Nasi Putih Dulu

Welcome back to Kediri. Sudah makan? Walk into anyone’s home, and they’ll ask if you’ve eaten. We’re grilling sate ayam on skewers. We’re steaming bakso and blending guava juice. We’re serving up the meatballs in broth with noodles and hot sauce. We’re most definitely starting with rice.

In my home stay house, a pot of rice is already on the stove by 4:30 am. It’s the first thing we do before heading to the vegetable stand to claim the freshest papaya leaves on the block. Following the 3:30 am call to prayer, a pot of rice steaming on the stovetop marks the start of the day.

sate ayam kediri 2

In Indonesia, each meal revolves around rice. Sometimes multiple heaping scoops, three meals in a row. When we eat mie (noodles similar to ramen), we eat it with rice. There’s even a soft white rice rolled up in a banana leaf that’s called lontong—the texture is like polenta and it’s delicious. Desserts are often made from tapioca (rice flour), and soto ayam (chicken soup) includes—you guessed it—rice. When we go to events like a wedding reception, we carry home boxes of rice. There’s no shortage of nasi putih, and if you haven’t eaten it today, then you haven’t eaten. In summary: please send bagels.

sate ayam kediri
Sate ayam for days

Sure, no sign of sourdough bread or sandwiches yet. But on the world’s most populous island, familiarity is never too far away, either. Kediri is happening. When we need a break from nasi putih lunch boxes, there’s Pizza Hut. We’ve got shopping malls. There are cafes with wifi in the city center. Go-Car is the local Uber or Lyft alternative when I can’t make it there on bike. And for emergencies, most convenient stores stock Oreos.

Still, Peace Corps training isn’t all tea and jello, although there’s plenty of each to go around. The day-to-day involves bucket showers (called mandi), squatty potties, washing clothes by hand, learning to speak Indonesian and now Javanese, riding a bicycle in crazy traffic, strangers asking—or not asking—for photos, sweating constantly, and shaking hands (called salim) with absolutely every lady in sight. We’re salim-ing all day long.


Culture, man. Integration is a process. Language learning is a process. Steaming rice is a process. It’s all a process, and we’re processing. Sometimes people hand me their baby, take my photo, and then take their kid back and walk away.
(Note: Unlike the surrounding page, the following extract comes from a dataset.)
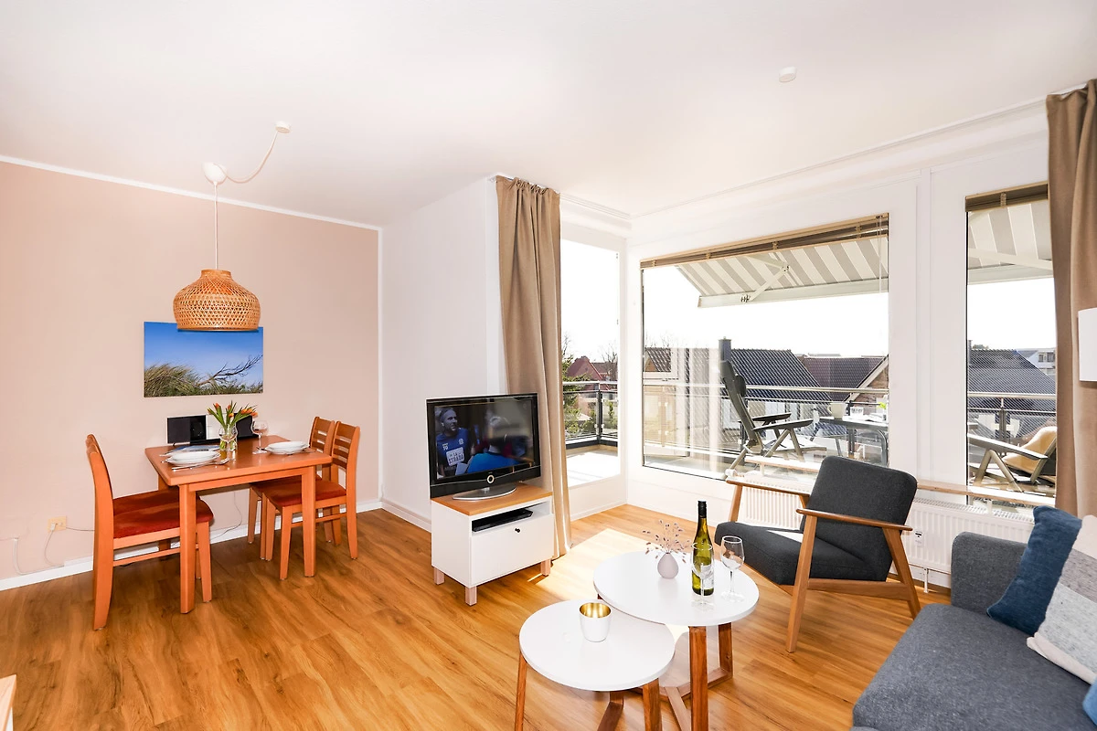 Das Wohnzimmer begrüsst Sie hell und lichtdurchflutet mit einer herrlich grossen Fensterfront und direktem Balkonzugang. Ausgestattet mit einem Sofa, Sessel, Kommode, Esstisch und Fernseher fühlen Sie sich wie zu Hause.

Not everything makes sense, and that’s okay.

My little block in Kediri certainly has its perks. First, my keluarga has a mango tree. I thought Java only had two seasons: dry and rainy. Not true. There’s also mango season, and it’s happening right now. Ibu climbs the tree and collects the mangos. There’s a technique to picking mangos, and she’s got game.

mango tree

Then there’s Coco (pronounced Cho-cho). Coco is a guinea pig that lives outside our home. He’s nobody’s pet, my host sisters swear they don’t feed him, and we spot him maybe once every week or two. Where is Coco when he’s nowhere to be seen? My Nine-year-old host sister says he’s jalan-jalan—just going for a walk. It took me seven weeks to finally snag a photo as proof of Coco’s existence. Sad to report, though: he’s impossible to catch.

Coco guinea pig

Beyond our home, Kediri is flat. Rice paddies, busy streets, and one-story buildings. Not a hill or flight of stairs in my village, or desa. With the mountains in the background, the quiet green space—beside a sawah field is the place to be.

rice paddy kediri

The other weekend, volunteers in our desa planned a day trip with our host families. Destination: Gunung Kelud, a nearby mountain. Locals expressed urgency about the dingin. It’s soooo cold there, they said. Jackets required. I’d like to report back that walking uphill in 85 degree heat does not warrant layers. But please, dress as you like. With a view like this one, it’s worth the sweat.